§ **Supplied material**:
--*--
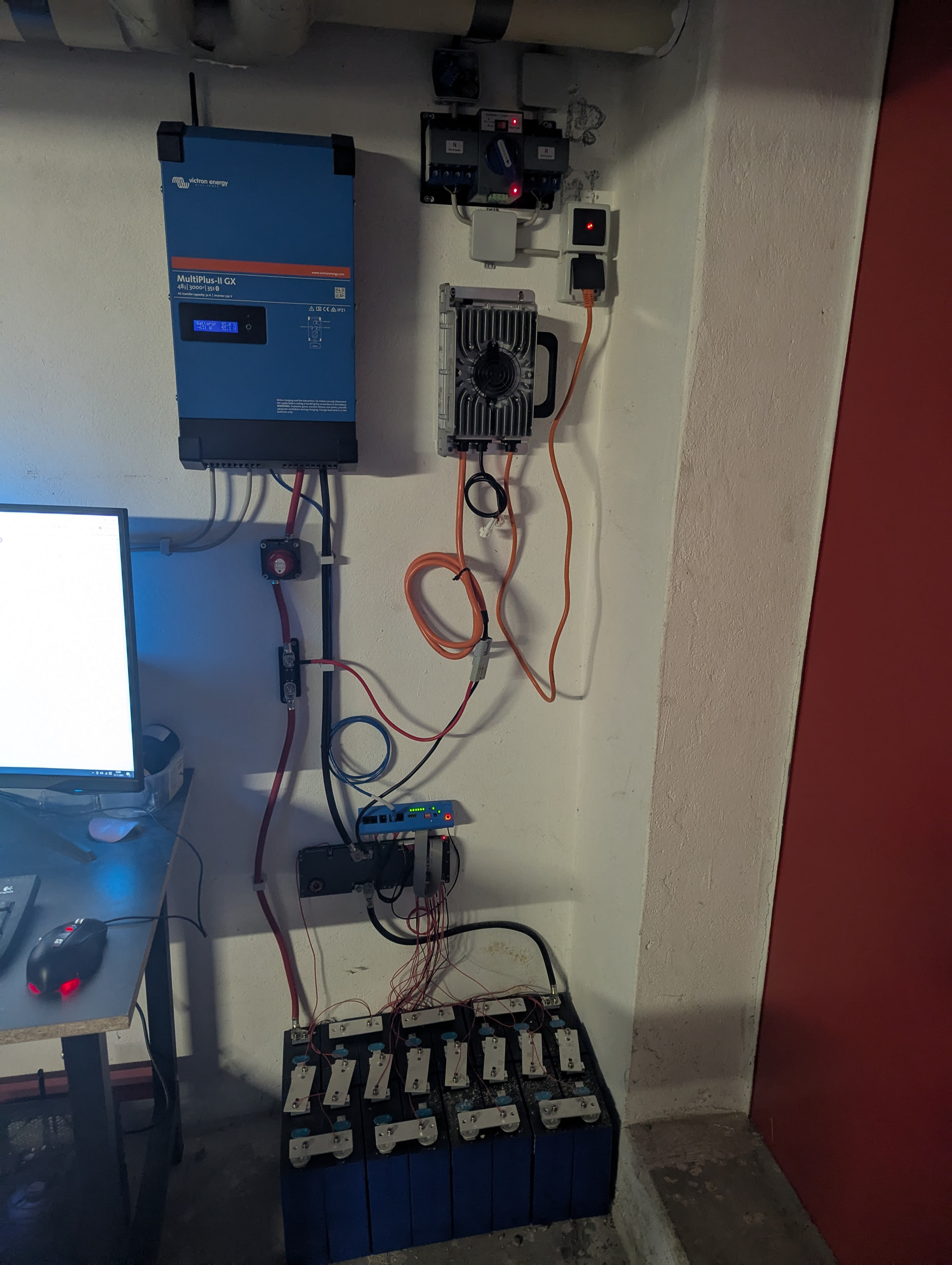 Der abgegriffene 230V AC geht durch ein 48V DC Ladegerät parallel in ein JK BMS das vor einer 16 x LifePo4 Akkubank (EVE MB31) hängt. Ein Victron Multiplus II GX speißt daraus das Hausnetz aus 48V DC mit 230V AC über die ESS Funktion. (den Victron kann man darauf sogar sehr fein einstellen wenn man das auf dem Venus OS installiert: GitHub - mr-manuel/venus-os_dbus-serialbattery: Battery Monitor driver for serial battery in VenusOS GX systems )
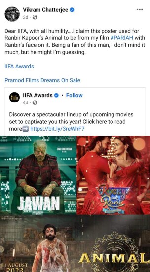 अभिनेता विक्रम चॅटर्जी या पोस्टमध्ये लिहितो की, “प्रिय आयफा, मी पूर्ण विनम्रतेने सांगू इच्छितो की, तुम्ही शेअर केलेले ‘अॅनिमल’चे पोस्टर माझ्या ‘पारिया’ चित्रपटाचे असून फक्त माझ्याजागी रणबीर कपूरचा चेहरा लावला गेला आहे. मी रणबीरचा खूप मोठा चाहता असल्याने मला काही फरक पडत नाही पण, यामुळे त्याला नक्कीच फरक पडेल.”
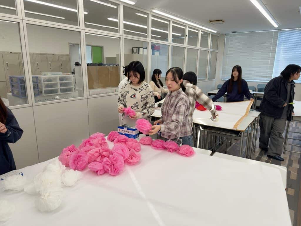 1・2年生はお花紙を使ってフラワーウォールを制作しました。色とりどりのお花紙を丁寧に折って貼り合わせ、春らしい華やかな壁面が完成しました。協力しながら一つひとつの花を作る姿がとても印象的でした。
--*--
§ **What to do**:
Would you return the material exactly, images excluded?

§ **Response box**:
 Der abgegriffene 230V AC geht durch ein 48V DC Ladegerät parallel in ein JK BMS das vor einer 16 x LifePo4 Akkubank (EVE MB31) hängt. Ein Victron Multiplus II GX speißt daraus das Hausnetz aus 48V DC mit 230V AC über die ESS Funktion. (den Victron kann man darauf sogar sehr fein einstellen wenn man das auf dem Venus OS installiert: GitHub - mr-manuel/venus-os_dbus-serialbattery: Battery Monitor driver for serial battery in VenusOS GX systems )
 अभिनेता विक्रम चॅटर्जी या पोस्टमध्ये लिहितो की, “प्रिय आयफा, मी पूर्ण विनम्रतेने सांगू इच्छितो की, तुम्ही शेअर केलेले ‘अॅनिमल’चे पोस्टर माझ्या ‘पारिया’ चित्रपटाचे असून फक्त माझ्याजागी रणबीर कपूरचा चेहरा लावला गेला आहे. मी रणबीरचा खूप मोठा चाहता असल्याने मला काही फरक पडत नाही पण, यामुळे त्याला नक्कीच फरक पडेल.”
 1・2年生はお花紙を使ってフラワーウォールを制作しました。色とりどりのお花紙を丁寧に折って貼り合わせ、春らしい華やかな壁面が完成しました。協力しながら一つひとつの花を作る姿がとても印象的でした。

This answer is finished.